Otis Campbell is the fictional "town drunk" in Mayberry on the American TV sitcom The Andy Griffith Show. Otis was played by Hal Smith and made frequent appearances on the show from 1960 to 1967 but stopped appearing toward the end of the series because of concerns raised by the sponsors over the portrayal of excessive drinking.
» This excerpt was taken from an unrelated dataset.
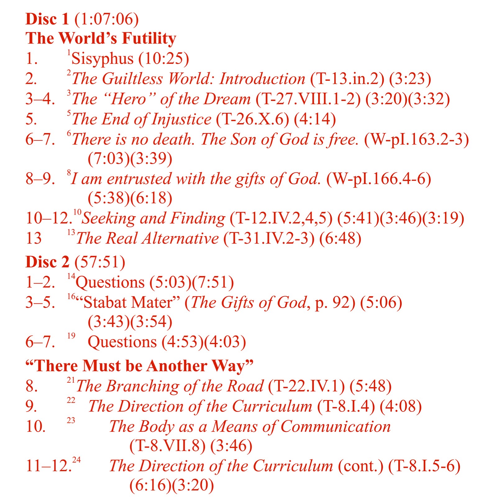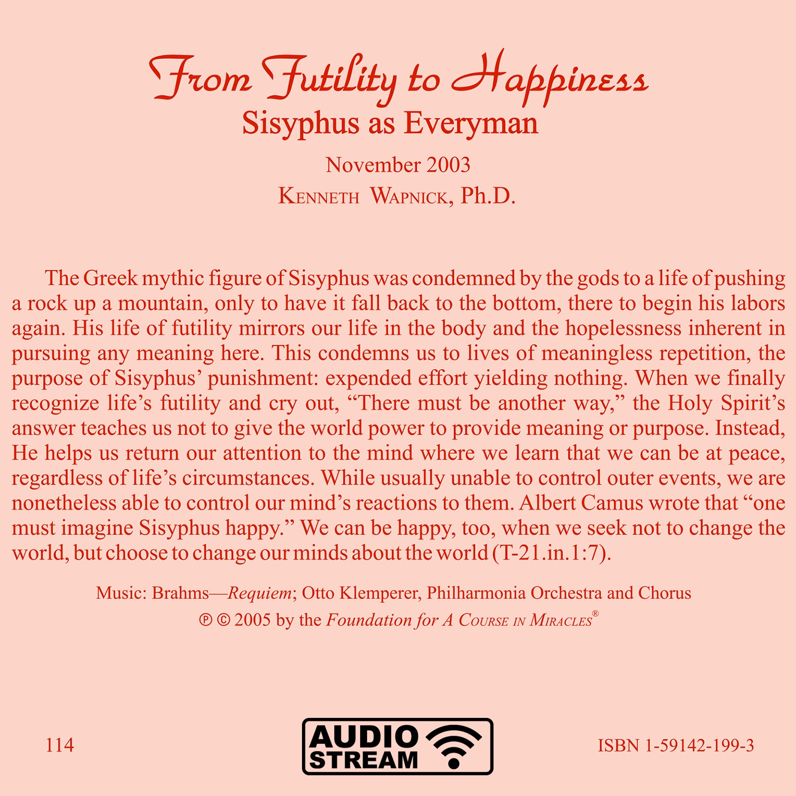 The Greek mythic figure of Sisyphus was condemned by the gods to a life of pushing a rock up a mountain only to have it fall back down to the bottom, there to begin his labors again. His life of futility mirrors our life in the body and the hopelessness inherent in pursuing any meaning in the world. The first part of this book addresses this view as presented in A Course in Miracles, summarized in the idea that we can never be truly happy in this world because it is not our home. The second part discusses the transition from futility to happiness in the context of the Course’s offering of another way of looking at our seeming fate, reflecting Albert Camus’ important essay on Sisyphus, which he ended by stating, “We must imagine Sisyphus happy.” Through a change of mind brought about by changing our inner teacher from the ego to the Jesus, our lives of futility are transformed into opportunities of unlearning the ego’s thought system. A purposeless life of inherent meaninglessness thus metamorphoses into a meaningful classroom that leads us to the Heaven we never truly left.

Otis works as a glue dipper in a furniture factory Monday through Friday and drinks all weekend. After a binge, Otis will usually lock himself in the town jail until he is sober. He has a key to the front door of the courthouse and the cell keys are hung on a nail near the cells (presumably, to accommodate Otis). The lack of crime in Mayberry and the laid-back attitude of the Sheriff's department, easily accommodates Otis's drinking habit. On one occasion Otis brings a suit to the jail on Friday before his binge so that he can change into the suit for church on Sunday without going home first. Otis often lets himself in jail on the same day that a dignitary or a superior of Sheriff Andy Taylor is arriving at the courthouse, much to the chagrin of the sheriff or Deputy Barney Fife, played by Don Knotts.
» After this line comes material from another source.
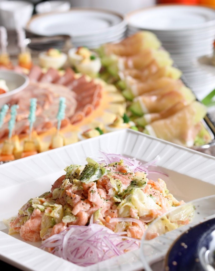 祝い鯛とかんぱち造り/巻き寿司各種(鰻と玉子・佐賀牛・海鮮サラダ)/蒸し鶏のゴマソース/イタヤ貝の特製XO醤和え/スモークサーモンと佐賀玉ねぎのカルパッチョ/チキンとポテトの粒マスタード和え/フレッシュサラダバー

In the episode "The Case of the Punch in the Nose", it is revealed that Otis was first arrested for drunkenness on September 23, 1941, at 2 p.m. but was released because it was "his first offense."
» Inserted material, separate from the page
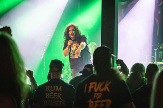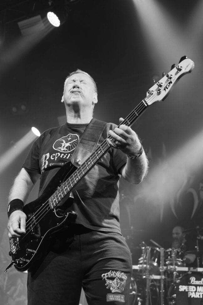 Pääbändiä odotellessa ja pohtiessani, ottaisinko sittenkin yhden oluen, palaavat muistot teiniaikaan. Olin ostanut äidiltä kerjäämilläni rahoilla Tankardin Alien -mini-lp:n ja kaverilta löytyi Morning After -vinyyli. Näitä kuunnellessa joimme ensimmäisiä muutaman oluen humaliamme ja fiilistelimme kansitaidetta. Warlockit, tankardit ja cannibalcorpset olisivat varmastikin jääneet kuulematta, jos kannessa olisivat olleet vaan esimerkiksi bändin tyypit. Näissä miltei kyynelkanavia aukovissa nostalgiafiiliksissä käyn hakemassa oluen, koska keikan alkuun on vielä reilusti. Vaan eipä olekaan. Tankard aloittaa monen kaljanjonottelijan ja urinaalin koskettelijan yllätykseksi keikan etuajassa.

A common joke on the show was to have Otis see something bizarre or unexpected while he was inebriated that was actually present, but which he would assume to be a drunken hallucination. Once, Sheriff Taylor locked a dynamite-laden goat in a padded jail cell to prevent an explosion. Predictably, Otis stumbled in after a night of drinking, and let himself into the same cell, only to find the mattress nailed to the wall (curiously, along with the blanket). Otis attempted to climb into the bed anyway, and naturally fell on the floor. Believing the peculiarity to be a result of his intoxication, he exclaimed, "First time I ever fell off a bed onto the wall."
If Barney deemed a situation urgent enough, he would sometimes deputize Otis. Otis often became agitated with Barney's dictatorial style, and a verbal shouting match would ensue. On the Danny Thomas Show episode that was the pilot for The Andy Griffith Show, Andy had deputized another town drunk, Will Hoople, so that Will could arrest himself every time he got drunk. It could be assumed that Andy had probably given Otis this same "authority," since Otis regularly "arrested" himself, and so he could be called upon to help when needed.